Y'know, the way we're talking about architecture here, it'd be as if the primary goal of heritage conservation districts wasn't to save and retain old buildings, but to advance "traditionalist" principles of design. Or like tearing down, say, original 30s dwellings in a Home Smith neighbourhood is perfectly fine as long as the replacement follows the same "Old English" styling--so before long, we might have a whole street of "Old English" dwellings built this century where there were once dwellings of the 20s and 30s, but oh!, it's a whole lot better than if it were those boxy "Modern" houses. And it's a sign that the neighbourhood is *alive* rather than a dead artifact of the 20s and 30s; a demonstration of the "timeless appeal" of Old English
Which is a, er...*inane*, getting-it-all-backwards way of going about it.
And speaking of boxy "Modern" houses, maybe the ultimate demonstration of that kind of ahistorical stupidity was this BlogTO piece which referred to this as a "mid-century masterpiece"
While not authentically mid-century, 15 Evergreen Gardens is an architectural masterpiece that does the style justice. The home has a stunning abunda…
www.blogto.com
Of course, you really have to squint to notice the opening fine print "While not authentically mid-century".
Hey, they could have labelled it “contemporary”—but noooo, “mid-century”. Yeah, I guess on behalf of a dumb Millennial clientele who wants something labelled “mid-century” without the inconveniences of authentic mid-century, and for whom names like Peter Dickinson or Jerome Markson or James Murray might draw blanks relative to, I dunno, Ferris Rafauli or something. (Or like if yesterday’s “enlightened” clientele might have bought Frank Lloyd Wright homes and restored them, today’s high-minded parvenu might be more content w/building “contemporary” FLW homes according to some notion of “original plans” or just plain "in the spirit of".)
And it illuminates the problem w/applying stylistic categories in total disconnection from historical actuality—as if architectural style were less chronological taxonomy than stylistic cosplay. Which goes as much for the modern as for the traditional these days.
And likewise, in the past, BlogTO posted some Forest Hill listing making a big deal out of how it looked like something out of the 18th century or something or another—left unspoken was whether the house was a new build or a presumably interwar Forest Hill original, which’d make a *big* difference re such impressions. (Of course, the fact that the real estate “staging” of these houses almost invariably make them look insufferably yuppie-new doesn’t help.)

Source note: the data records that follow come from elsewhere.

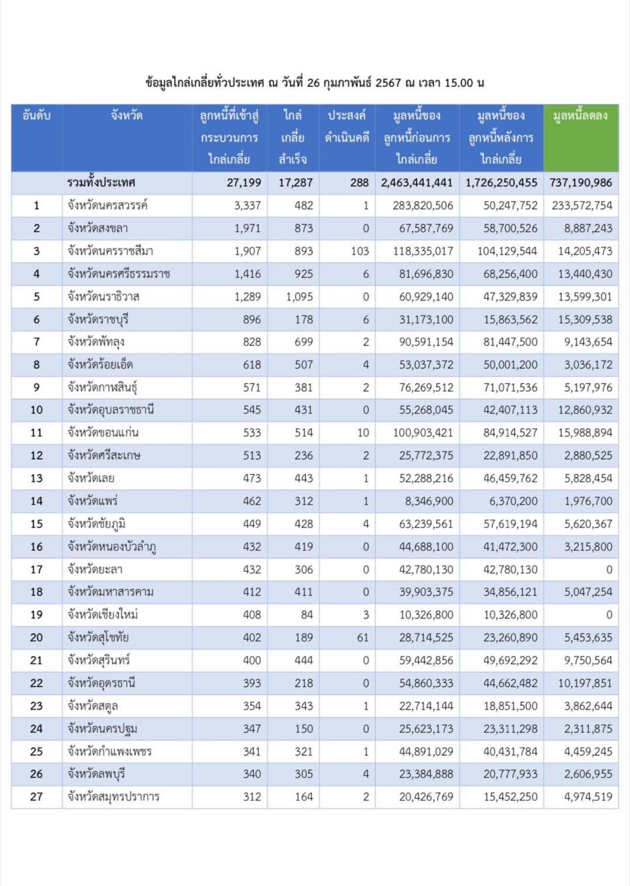 ทั้งนี้ มีลูกหนี้เข้าสู่กระบวนการไกล่เกลี่ยแล้ว 27,199 ราย ไกล่เกลี่ยสำเร็จ 17,287 ราย มูลหนี้ของลูกหนี้ก่อนการไกล่เกลี่ย 2,463.441 ล้านบาท หลังการไกล่เกลี่ย 1,726.250 ล้านบาท มูลหนี้ลดลง 737.190 ล้านบาท โดยจังหวัดที่สามารถนำลูกหนี้เข้าสู่กระบวนการไกล่เกลี่ยได้มากที่สุด คือจังหวัดนครสวรรค์เช่นเดิม มีลูกหนี้ที่เข้าสู่กระบวนการไกล่เกลี่ย 3,337 ราย ไกล่เกลี่ยสำเร็จ 482 ราย มูลหนี้ของลูกหนี้ก่อนไกล่เกลี่ย 283.820 ล้านบาท หลังการไกล่เกลี่ย 50.247 ล้านบาท ทำให้มูลหนี้ของพี่น้องประชาชนในจังหวัดนครสวรรค์ลดลง 233.572 ล้านบาท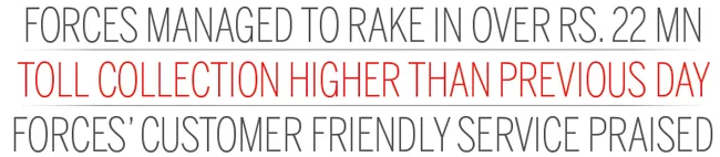 He said that the friendly service of the Security Forces personnel was highly praised by the highway users and said that their service was highly appreciated in the social media and other media as well. He further said that although charging highway users began two hours later after the strike action commenced on November 22, the same income as the previous day was collected. The officer further said that with the launching of trade union strike action, the Security Forces were immediately called upon the instructions of Transport, Highways and Mass Media Minister Dr. Bandula Gunawardhana, and accordingly, collection of revenue from highway users began two hours later and it was still possible to earn a similar amount of revenue compared to the previous days.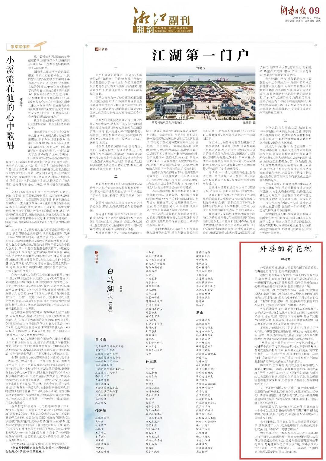 如今外婆不在了,那只荷花枕被我收在箱底。偶尔打开箱子,还能闻到那一丝若有若无的荷香。这香气让我想起夏夜的星空,想起外婆摇着蒲扇讲故事的声音,想起花瓣在枕芯里沙沙作响。周邦彦词云:“叶上初阳干宿雨,水面清圆,一一风荷举。”外婆的荷花枕里,藏着的正是这样的江南。

The *exterior* is actually the most decent part (though its primary allusions are more interwar than, uh, “mid-century”). But as presented here, it’s almost an afterthought and a token mandated bow to “civic design”. After all, it’s a real estate listing: it’s geared to the buyer, not the beholder. And to a buyer for whom private spheres are more important than public spheres: they have little sense of “the common” except in self-serving terms. And their impression of “masterpiecedom” and domestic architecture is drawn from popular style magazines and TV channels: places that sell celebrity and “aspirationism” that are very interior-focussed or “sanctum-focussed”. The exterior may partake in the diverse richness of the neighbourhood, but the interior is just so much hot air under the delusion that *it’s* what’s important here. It’s just part and parcel of the narcissistic sterilization of our everyday under the delusion that it’s “discernment”—like choosing our own news feeds, choosing our own Spotify playlists, and losing all sense of the open-ended “bearing witness” that once made us party to ever-unfolding diversity. The only “context” that matters is our individual own, and those which directly serve the same. We’ve “selectivized” our way into bland pods and silos. Thus domestic architecture becomes “real estate”: entirely a matter of “would I buy this”, rather than one being able to thoughtfully reflect upon what surrounds us regardless of whether we’d buy it or not.
And *that* is what lies at the core of today's dumbed-down mass taste for traditionalism *and* modernism.